A script for updating your hosts file

Discussion in 'all things UNIX' started by tlu, Mar 21, 2013.

Thread Status:
Not open for further replies.
  1. tlu

    tlu Guest

    Yesterday I stumbled upon a nice and relatively simple script on kubuntuforums.net which downloads several well-known hosts files, merges them and adds them to your system hosts file. This is my version:

    Code:
    #!/bin/bash
    
    # If this is our first run, save a copy of the system's original hosts file and set to read-only for safety
    if [ ! -f ~/hosts-system ]
    then
     echo "Saving copy of system's original hosts file..."
     cp /etc/hosts ~/hosts-system
     chmod 444 ~/hosts-system
    fi
    
    # Perform work in temporary files
    temphosts1=`mktemp`
    temphosts2=`mktemp`
    
    # Obtain various hosts files and merge into one
    echo "Downloading ad-blocking hosts files..."
    wget -nv -O - http://winhelp2002.mvps.org/hosts.txt >> $temphosts1
    wget -nv -O - http://hosts-file.net/download/hosts.txt >> $temphosts1
    wget -nv -O - http://someonewhocares.org/hosts/hosts >> $temphosts1
    wget -nv -O - "http://pgl.yoyo.org/as/serverlist.php?hostformat=hosts&showintro=1&mimetype=plaintext" >> $temphosts1
    
    # Do some work on the file:
    # 1. Remove MS-DOS carriage returns
    # 2. Delete all lines that don't begin with 127.0.0.1
    # 3. Delete any lines containing the word localhost because we'll obtain that from the original hosts file
    # 4. Replace 127.0.0.1 with 0.0.0.0 because then we don't have to wait for the resolver to fail
    # 5. Scrunch extraneous spaces separating address from name into a single tab
    # 6. Delete any comments on lines
    # 7. Clean up leftover trailing blanks
    # Pass all this through sort with the unique flag to remove duplicates and save the result
    echo "Parsing, cleaning, de-duplicating, sorting..."
    sed -e 's/\r//' -e '/^127.0.0.1/!d' -e '/localhost/d' -e 's/127.0.0.1/0.0.0.0/' -e 's/ \+/\t/' -e 's/#.*$//' -e 's/[ \t]*$//' < $temphosts1 | sort -u > $temphosts2
    
    
    # Combine system hosts with adblocks
    echo Merging with original system hosts...
    echo -e "\n# Ad blocking hosts generated "`date` | cat ~/hosts-system - $temphosts2 > ~/hosts-block
    
    # Clean up temp files and remind user to copy new file
    echo "Cleaning up..."
    rm $temphosts1 $temphosts2
    echo "Done."
    echo
    echo "Copy ad-blocking hosts file with this command:"
    cp ~/hosts-block /etc/hosts
    echo
    echo "You can always restore your original hosts file with this command:"
    echo " sudo cp ~/hosts-system /etc/hosts"
    echo "so don't delete that file! (It's saved read-only for your protection.)"
    
    127.0.0.1 is replaced with 0.0.0.0 in $temphosts2 as this seems to speed up things considerably. I saved gethosts in /root, made it executable and executed

    Code:
    ln -s /root/gethosts /etc/cron.daily
    in order to update it daily. You might prefer another schedule, though.

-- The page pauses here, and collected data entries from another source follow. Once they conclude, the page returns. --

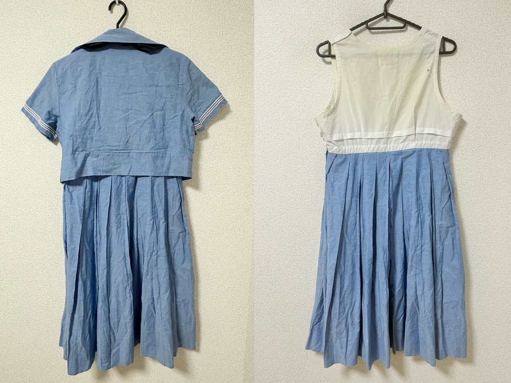 ◇◆出品内容◇◆ ・セーラー 肩幅39 身幅47 着丈40 袖丈18 ・ジャンパースカート(穴あり) 身幅47 ウエスト74 総丈97 ・黒スカーフ 以上3点です。 ※素人採寸のため、多少の誤差はご了承ください。 ◇◆状態◇◆
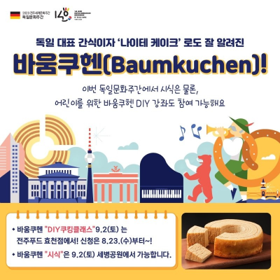 이번 행사는 풍성한 독일 음악을 즐길 수 있는 다양한 음악공연과 바움쿠헨과 슈니첼을 직접 만들어볼 수 있는 쿠킹클래스, 영화로 독일문화를 만나는 독일 영화페스티벌 등이 펼쳐집니다.
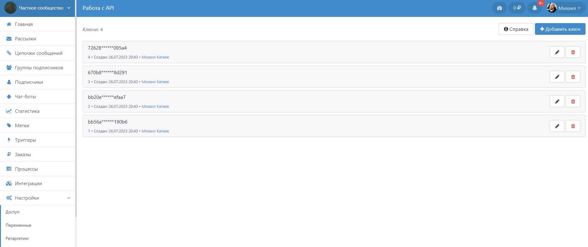 Создать ключ доступа можно в разделе Настройки - Работа с API. Можно создать до 20 ключей для интеграции с другими сервисами.
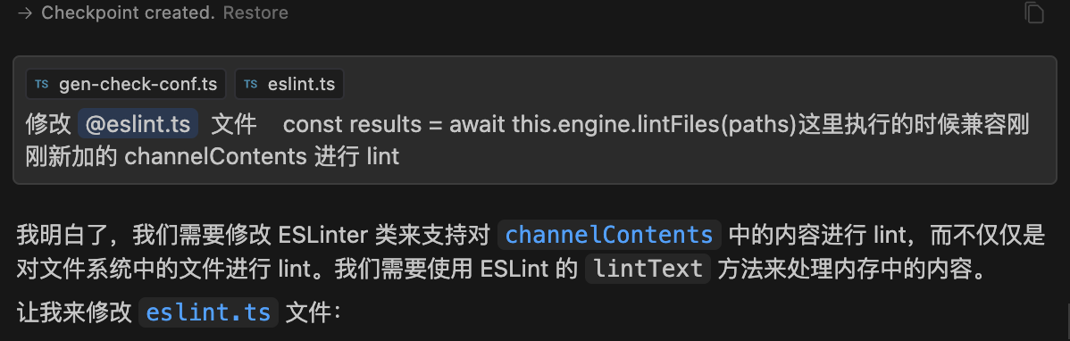 在原项目中,我们使用 lintFiles 方法进行代码检查,传入的是文件路径。然而,由于我们生成的是文件内容,lintFiles 无法再使用。于是,系统智能地将其替换为 lintText 来进行代码的检查。
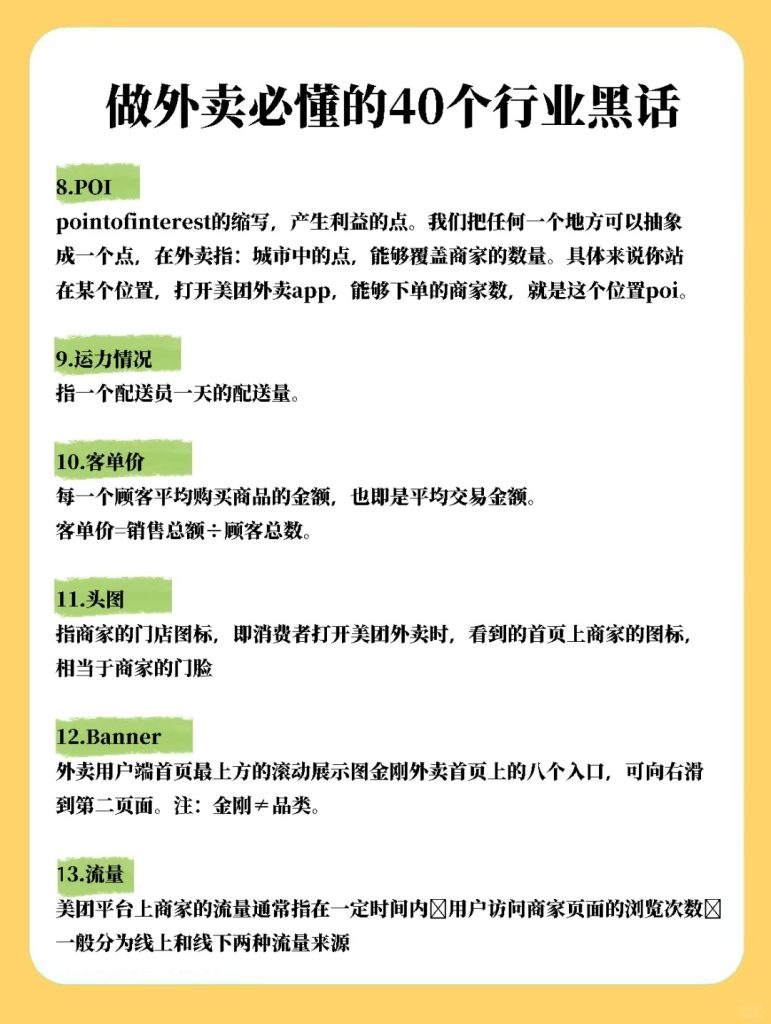 做外卖运营过程,肯定会遇到不少的专业术语和行业黑话
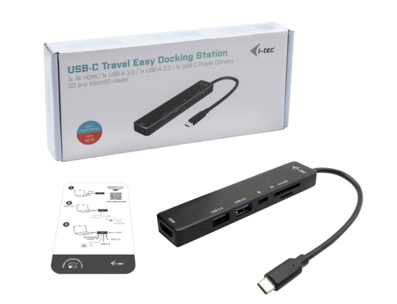 Malá dokovací stanice, která i přes své velmi kompaktní rozměry nabízí vše potřebné pro základní práci. Připojte externí monitor v rozlišení až 4K, dva USB porty poslouží pro připojení vašich periferií a čtečka SD a microSD karet pomůže s přenosem dat. Samozřejmostí je i možnost napájení vašeho notebooku, a to až do 60 W (napájecí adaptér můžete buď použít svůj stávající, případně si nabíječku dokoupit : https://i-tec.pro/produkty/?catg=nabijecky-a-baterie&kon=USB-C).

    Seems to work very well.
     
    Last edited by a moderator: Mar 21, 2013
  2. m00nbl00d

    m00nbl00d Registered Member

    Joined:
    Jan 4, 2009
    Posts:
    6,623
    You could also try to add 9 entries in each line, instead of 1 entry = 1 line.

    Example:

    0.0.0.0 domain1 domain2 domain3 domain4 domain5 domain6 domain7 domain8 domain9
     
  3. tlu

    tlu Guest

    Yes, but why? What benefits would that have? Besides, it would make the script more complicate, and I'm not a scripting expert at all.
     
  4. m00nbl00d

    m00nbl00d Registered Member

    Joined:
    Jan 4, 2009
    Posts:
    6,623
    Sorry for the late reply, but I really forgot about this thread.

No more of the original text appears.